During Wednesday’s hearing, Palal disputed Mahan’s contention that the law’s notification and registration requirements constitute punishment.
“These are not additional criminal penalties,” Palal argued.
The Legislature passed the law in 2007 to bring Nevada in line with the federal Adam Walsh Act, signed by President Bush in 2006. The intent was to push all states to categorize sex offenders the same way.
Backers of both the Nevada and federal legislation contend sex offenders will have a harder time evading detection once all states are on board.
Maggie McLetchie, staff attorney for the ACLU of Nevada, said the federal law “is falling apart at its seams.” She said most states have not enacted Adam Walsh Act legislation.

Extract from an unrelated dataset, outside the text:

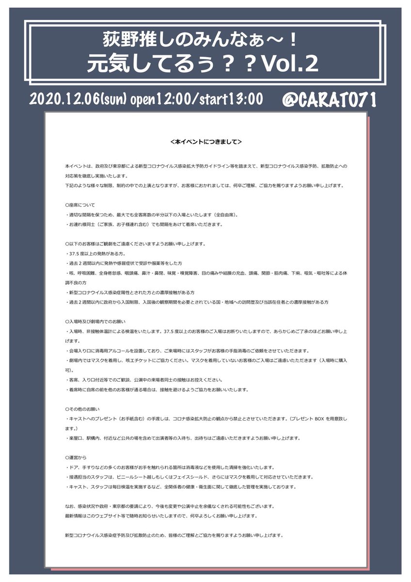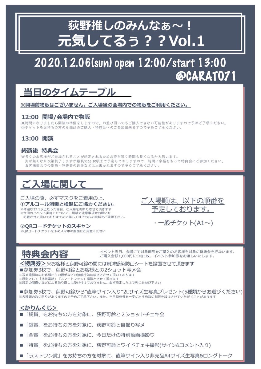 先日日程はさりげなく発表しましたが詳細です〜! 「荻野推しのみんなぁ〜!元気してるぅ??Vol.2」 日程:12/6(日)13時開演 場所:CARATO71 (カラート71) チケットの販売は、明後日22日(日)の18時より開始! https://t.livepocket.jp/e/9eo__ 今回も先着なのでお早めに

Mahan said Nevada’s new law violated a constitutional ban on “ex post facto,” or retroactive, laws. He also said it violated due process clauses of the Fifth and 14th amendments, as well as the double jeopardy clause of the Fifth Amendment.
“We’re thrilled by the ruling,” McLetchie said. “We know that it’s a brave thing to do to make a decision that affirms the rights of sex offenders. The ACLU strongly believes that the Constitution applies to everyone, including convicted sex offenders.”

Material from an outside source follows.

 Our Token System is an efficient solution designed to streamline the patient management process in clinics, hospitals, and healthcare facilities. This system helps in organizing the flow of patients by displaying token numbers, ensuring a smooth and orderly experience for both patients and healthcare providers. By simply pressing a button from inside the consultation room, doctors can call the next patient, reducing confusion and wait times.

However, McLetchie said the case is not about the rights of sex offenders. “It’s about the limits on the power of government,” she said.
One of the plaintiffs in the federal case, a Las Vegas man identified only as “Doe 2,” pleaded guilty in 2001 to attempted lewdness with a minor under 14. The felony conviction resulted in five years of probation and lifetime supervision.

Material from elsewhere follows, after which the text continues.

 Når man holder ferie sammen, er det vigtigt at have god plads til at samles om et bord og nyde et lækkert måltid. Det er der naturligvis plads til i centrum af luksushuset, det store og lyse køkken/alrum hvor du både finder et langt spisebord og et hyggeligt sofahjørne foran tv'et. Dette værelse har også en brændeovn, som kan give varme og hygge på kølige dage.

In an interview Wednesday, the man claimed innocence.
“I was accused of something that I didn’t do, because my ‘ex’ was trying to take custody of my son,” he said.
He said he has had the same construction job for 28 years, has remarried and has three children. Before the new law was passed, he was placed in the Tier 1 category after he was assessed as a low risk for re-offending.
After the new law was passed, his probation officer told him he would be reclassified as a Tier 3 offender. That meant his neighbors would be notified about his conviction.
“I feared for my family’s well-being,” he said.
He also worried that the new classification would prohibit him from picking up his children at school. Tier 3 offenders may not go within 500 feet of schools or parks. And the man’s boss told him he might lose his job.
When McLetchie told Doe 2 about Mahan’s ruling Wednesday, he said, he broke down with joy.
“I’ve been carrying this on my shoulders for quite some time,” he said.
Gary Peck, executive director of the ACLU of Nevada, said Mahan’s ruling underscores the need for the Legislature “to pay more careful attention” to what the organization’s representatives have to say when advocating for constitutionally sound laws.
“It would have been nice had the AG’s office been willing to engage in more constructive dialogue with us throughout the course of this litigation,” he said.
McLetchie said the 2009 Legislature will get “another crack at the apple.”
“In the ACLU’s view, the existing laws worked because they really did focus in on public safety and risk to society,” she said.
Attorney Robert Langford, who worked on the case with the ACLU, said Mahan “may have just saved the taxpayers of the state of Nevada several million dollars to institute the bizarre supervision scheme anticipated by the new statutes.”
“That was a fiscal impact not considered by the Legislature and in my opinion that is what has kept most other states from adopting this wickedly Draconian statutory scheme imposed by the federal government,” he said.